I've not yet learned who won the highest bid for my 2010 Cookie of the Month services at the scholarship auction, but I still have the last two deliveries of 2009 to make for this year's winners. November's choice is a recipe that I found in a magazine years ago in a Libby's canned pumpkin ad... I think. Anyway, the recipe has been made a hundred times and is a particular favorite of my oldest son, Lars. Great Pumpkin Cookies - a fitting choice for November. (Sorry about all the artificial light and shadow in these photos - it's been rather dreary weather here in Wisconsin for the last few days - nice temps, but no sun.)
Here are your ingredients:
4 cups flour
2 cups rolled oats
2 t. baking soda
2 t. cinnamon
1 t. salt
1 1/2 cups butter
2 cups brown sugar
1 cup granulated sugar
1 egg
1 t. vanilla
1 (16 oz.) can pumpkin
1 bag (12 oz.) semi sweet chocolate chips
Soften up three sticks (1 1/2 cups) butter.
Add the two cups of brown sugar.
and one cup white sugar.
Beat until light and fluffy.
Add egg and vanilla. Mix well.
In a separate bowl,
measure out the flour, oats,
baking soda, cinnamon and salt.
Combine those dry ingredients into a crumbly mixture.
Open up the can of pumpkin.
Some people prefer to bake pumpkin wedges
and make their own puree. Each to his own.

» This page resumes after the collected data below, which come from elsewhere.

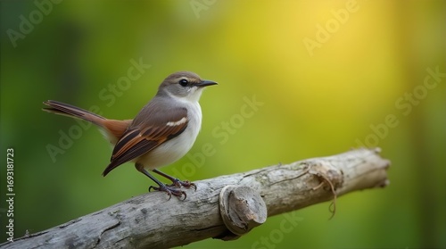 Obraz premium Stunning small bird with brown wings, white underparts, and reddish tail perched on a weathered wooden branch, bathed in golden sunlight against a vibrant green bokeh.
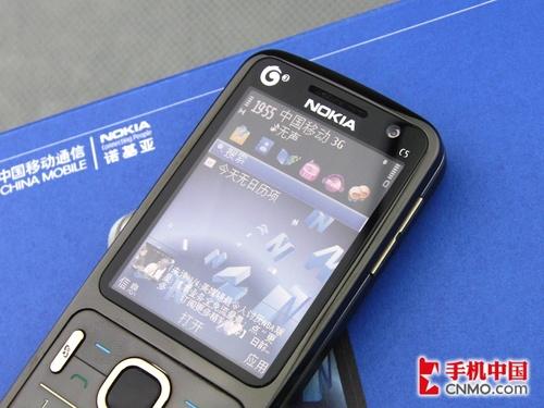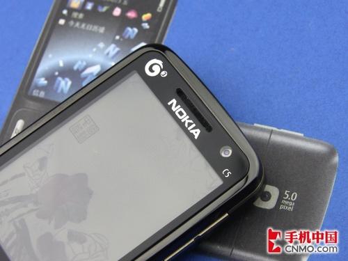 在屏幕的上方我们可以看到除了印有“Nokia”的标识之外,还印有中国移动“G3”的LOGO,说明了这是一款由中国移动定制的手机。在右上角还安排有一个副摄像头。
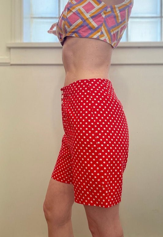 Vintage 60s Red Polka Dot Seersucker Pin Up Shorts / Rockabilly Beach Shorts
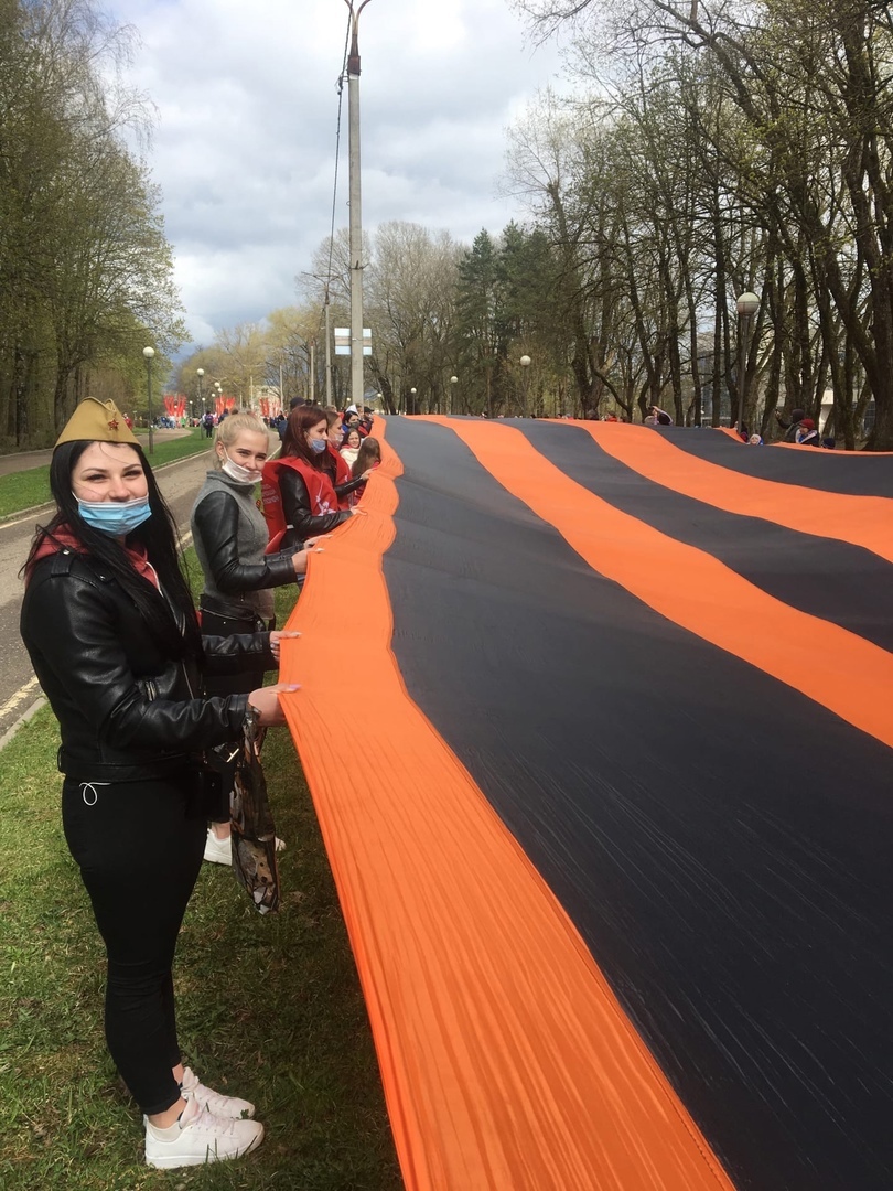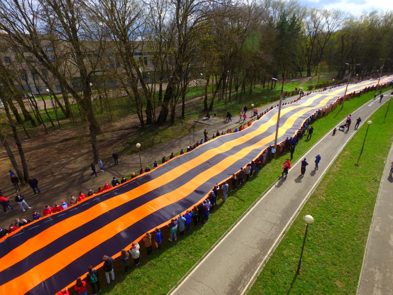 На аллее, ведущей к Кургану Бессмертия, активисты и волонтеры общественных организаций Смоленска и Смоленской области развернули самую большую Георгиевскую Ленту в Мире: 300 м в длину, 7 м в ширину и общей площадью в 2000 квадратных метров.
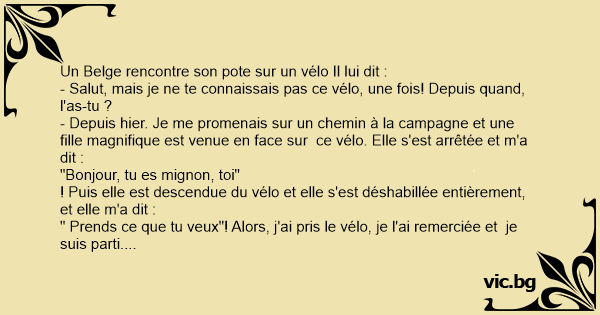 Un Belge rencontre son pote sur un vélo Il lui dit :
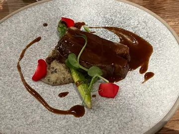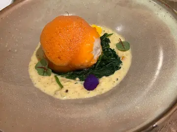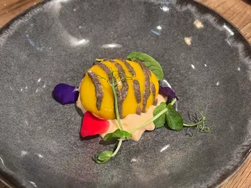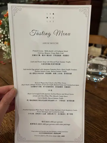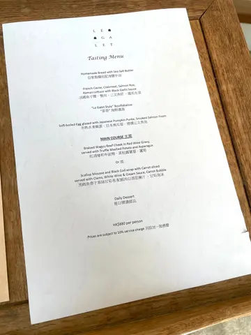 香港茶香(Le Galet) 晚餐Set HKD$880 (+10%服务费) 哥德风的精致欧菜餐厅古典优雅的欧洲木制家私,配上旧化效果的装潢,餐厅内布置满古董摆设,好像到了哥德式教堂,又带点博物馆的高雅,古色古香!每季菜式因应时节变化,尽显主厨心思及功力!Carabineros Prawns (西班牙红虾)西班牙红虾加上沙律酱料,再用曲奇皮盛上。精𡟹而典雅的卖相,红虾清甜,配微酸的沙律酱料,再混合脆卜卜的曲奇皮,清爽开胃的小食。Homemade Bread with Sea Salt Butter(自家制面包配海盐牛油)脆脆果仁加上粗糙烟靭的面包皮,内𥚃软绵的正宗法式面包,口感一流,配上微咸的海盐,再加上牛油的香甜。友人都惊讶于我这个不好面包的人,竟然能吃完整个面包。French Caviar, Crabmeat, Salmon Roe,Romaine Lettuce with Black Garlic Sauce(法国鱼子酱•蟹肉•三文鱼籽 •罗马生菜)新鲜的罗马生菜,整整齐齐的放上鱼子酱丶蟹肉及三文鱼籽,色彩斑斓鲜艳,视觉上的盛宴。新鲜清爽的生菜配上咸咸的海鲜味,再提升一个层次,鲜味上的天花板。"Le Galer Style" Bouillabaisse("茶香”海鲜浓汤)类蕃茄味的海鲜浓汤,口感非常creamy,味道浓郁厚实,跟清甜的鲜虾,形成强烈对比,又带点画龙点睛的感觉。Soft-boiled Egg glazed with Japanese Pumpkin Puree, Smoked Salmon Foam(半熟水煮嫩蛋•日本南瓜蓉•烟燥三文鱼泡)流心的水煮蛋,Q弹的外皮,加上入口溶化的三文鱼泡,口感特别,味道丰富复杂。主菜(二选一)Scallop Mousse and Black Cod wrap with Carrot Slicedserved with Clams, White Wine & Cream Sauce, Carrot Bubble黑鳕鱼带子慕丝甘笋卷 配蚬肉白酒忌廉汁 •甘笋泡沫甘笋泡沫一个一个的在口中爆开,口感轻盈而细腻,清甜的甘笋味道慢慢混进黑鳕鱼及带子慕丝,再加上白酒忌廉汁及蚬肉,清爽而细致,海鲜及蔬菜的完美配搭!或Braised Wagyu Beef Cheek in Red Wine Gravy, served with Truffle Mashed Potato and Asparagus(红酒烩和牛面颊 •黑松露薯蓉 •芦笋)口感细嫩的和牛面颊,烩上红酒的甜,黑松露薯蓉的香,芦笋的鲜,层次分明而复杂,令人难以忘怀的菜式!甜品水果拼透明啫喱用饼状的透明啫喱包裹青提子,上加忌廉及橙皮,再配上士多啤梨,七彩缤纷,视觉大满足。…查看更多
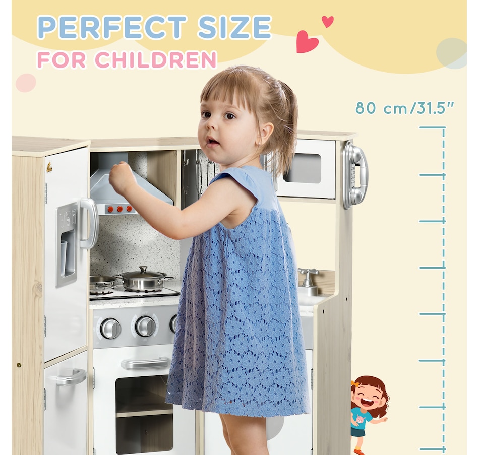 ● Full set of elements children can recognize from the kitchen they know, including a microwave, refrigerator, oven, range hood, ice maker, and sink;

Alternate additions of the dry mixture and the pumpkin
- mixing well after each.
Sometimes I add a little yellow and red food coloring
to amp up the orange factor.
Add the bag of chocolate chips.
These are drop cookies and although they taste wonderful, they aren't very attractive -- but since Beth and her family paid big money for cookie of the month, I do my best to make them uniform and pretty. This time I'll try piping them from a large pastry bag with a big round open tip. (The pastry tip only got clogged with chocolate chips once.)
I also stuck a chocolate chip on top of each one so they wouldn't just look like plain blobs after baking. I used parchment, but they are fine on an ungreased cookie sheet. Bake at 350 degrees for about 12 minutes if you make them the size of a heaping tablespoon - longer if bigger.
These turn out to be soft, cake-like cookies and very moist.
Very tasty.
This recipe makes about 80 two inch cookies.
Happy Thanksgiving prep. May all your baking come out scrumptious, your pies perfect and your dinner dishes delicious. I know I still have two French Silk pies and two large pans of cheesy potatoes to make for the big feast at my sister's house tomorrow.